Conclusion: Doses of ceftolozane/tazobactam in critically ill adults of 3 g every 8 h have been shown to achieve high probability of target attainment in patients with ARC [48, 49]. Few clinical outcomes such as all-cause mortality have been shown to exhibit no difference in patients with or without ARC treated with ceftolozane and tazobactam [49]. Ceftolozane/tazobactam 3 g every 8 h is likely an appropriate dose for critically ill adults with ARC; however, further analysis comparing target concentration attainment with clinically relevant results such as infection resolution is needed.
3.7 Low-Molecular-Weight Heparins
3.7.1 Enoxaparin
Enoxaparin is a commonly used low-molecular-weight heparin; up to 40% of the drug is excreted by the kidneys [5]. For venous thromboembolism prophylaxis in moderate-to-high-risk patients, a peak factor Xa level of 0.2–0.4 units/mL or trough level of 0.1–0.2 units/mL is usually targeted [50]. A prospective observational study provides information about the effects of ARC on prophylactic enoxaparin dosing [51]. Patients with ARC exhibited target anti-factor Xa levels at hour 4, but these levels dropped significantly by hours 12 and 24 [51]. This suggests that the duration of activity of enoxaparin may be shortened by enhanced renal clearance in patients with ARC, possibly rendering the need for dose adjustment [51]. However, the significance of anti-factor Xa monitoring at 12 and 24 h is not fully known. This study is also limited by a small sample size, and data regarding the development of clots were not collected.

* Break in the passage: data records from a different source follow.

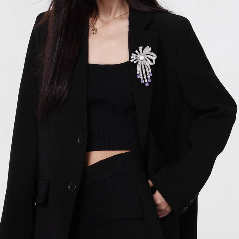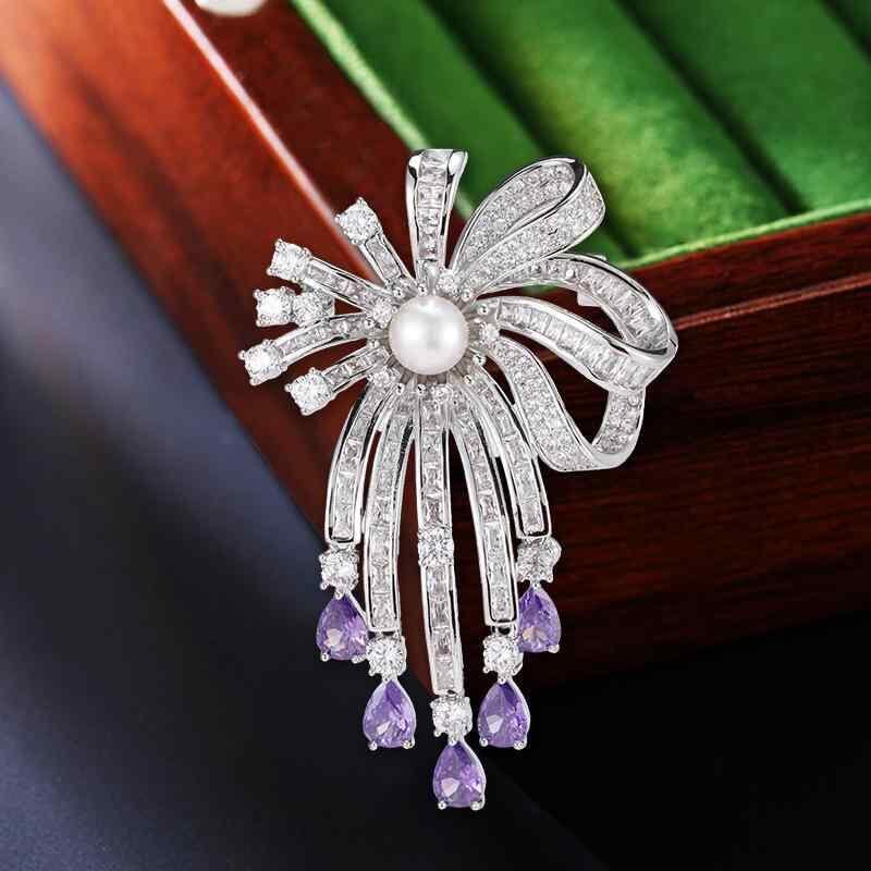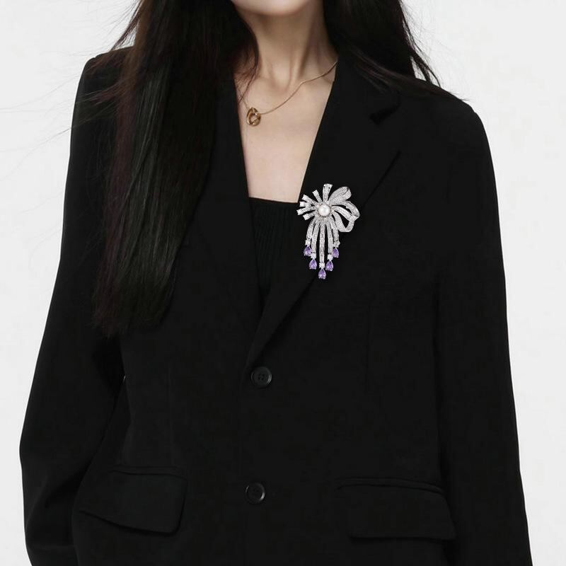 ブローチ レディース 淡水パール ジルコニア フラワー タッセル 高級感 豪華 銅製 電気メッキ加工 シルバー パープル 春 フォーマル 普段使い パーティー ドレスアップ アクセサリー
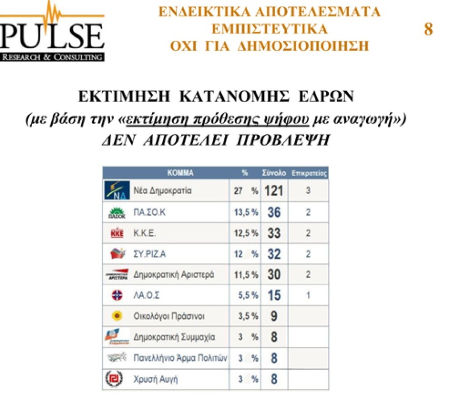 Με βάση τα δημοσκοπικά δεδομένα της έρευνας της Pulse RC τρεις στους τέσσερις βουλευτές του ΠΑΣΟΚ μένουν εκτός βουλής! Ενώ, η αριστερά αθροιστικά έλκει, έναν στους τρεις ψηφοφόρους.Όλες οι λεπτομέρειες της δημοσκόπησης στο Ποντίκι.
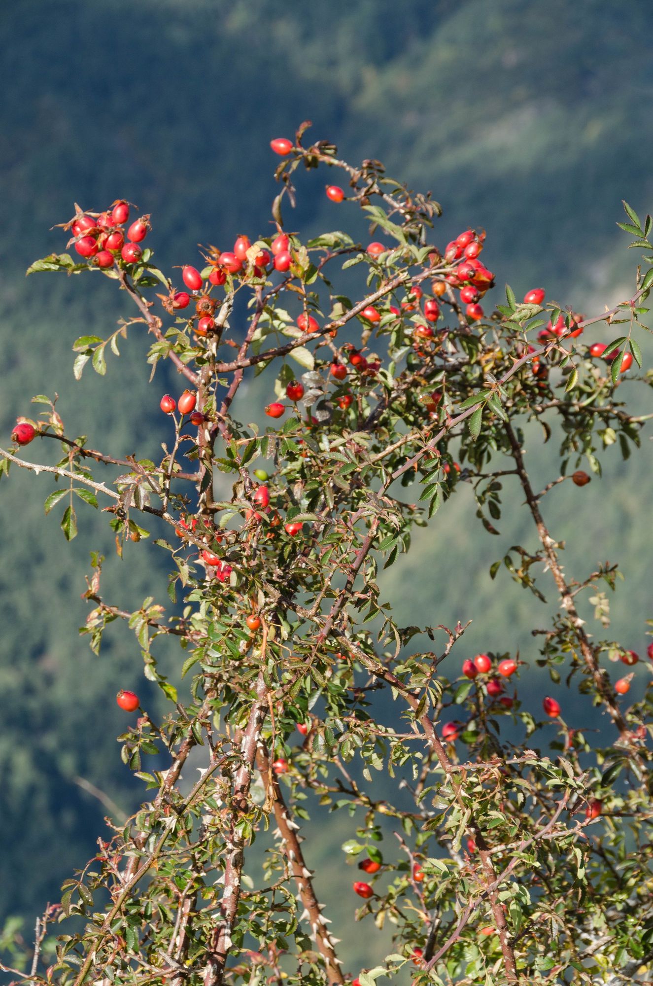 The signature berries of the Pyrenees are the 'pataculo' or damask rose. Despite being high in vitamin C, it can cause constipation (see 'culo'). Julian handed us some dried ones, already turning a yellow-orange tinge. Elsewhere: a kind of vine growing out of rockfaces used for both animal plus human abortion. We were also shown the large, light-green bush known as 'the difficult mother-in-law'! A hard, inflexible bush mind you.

Conclusion: The duration of action of enoxaparin may be shortened in patients with ARC, which could potentially lead to an increased risk for clot formation. An increased frequency of dosing to 40 mg twice daily should be considered for clot prophylaxis in these patients. Further studies exploring a shortened dosing interval and the impacts on clot formation in critically ill patients with ARC are needed.
3.8 Anti-epileptics
3.8.1 Levetiracetam
Levetiracetam is an AED used to treat multiple seizure types as well as seizure prophylaxis in certain care settings. It is eliminated renally with 66% of the unchanged drug excreted in the urine [5]. Its efficacy in patients with ARC has been studied. Therapeutic drug monitoring of levetiracetam targets a plasma concentration between 12 and 46 mg/mL [52, 53].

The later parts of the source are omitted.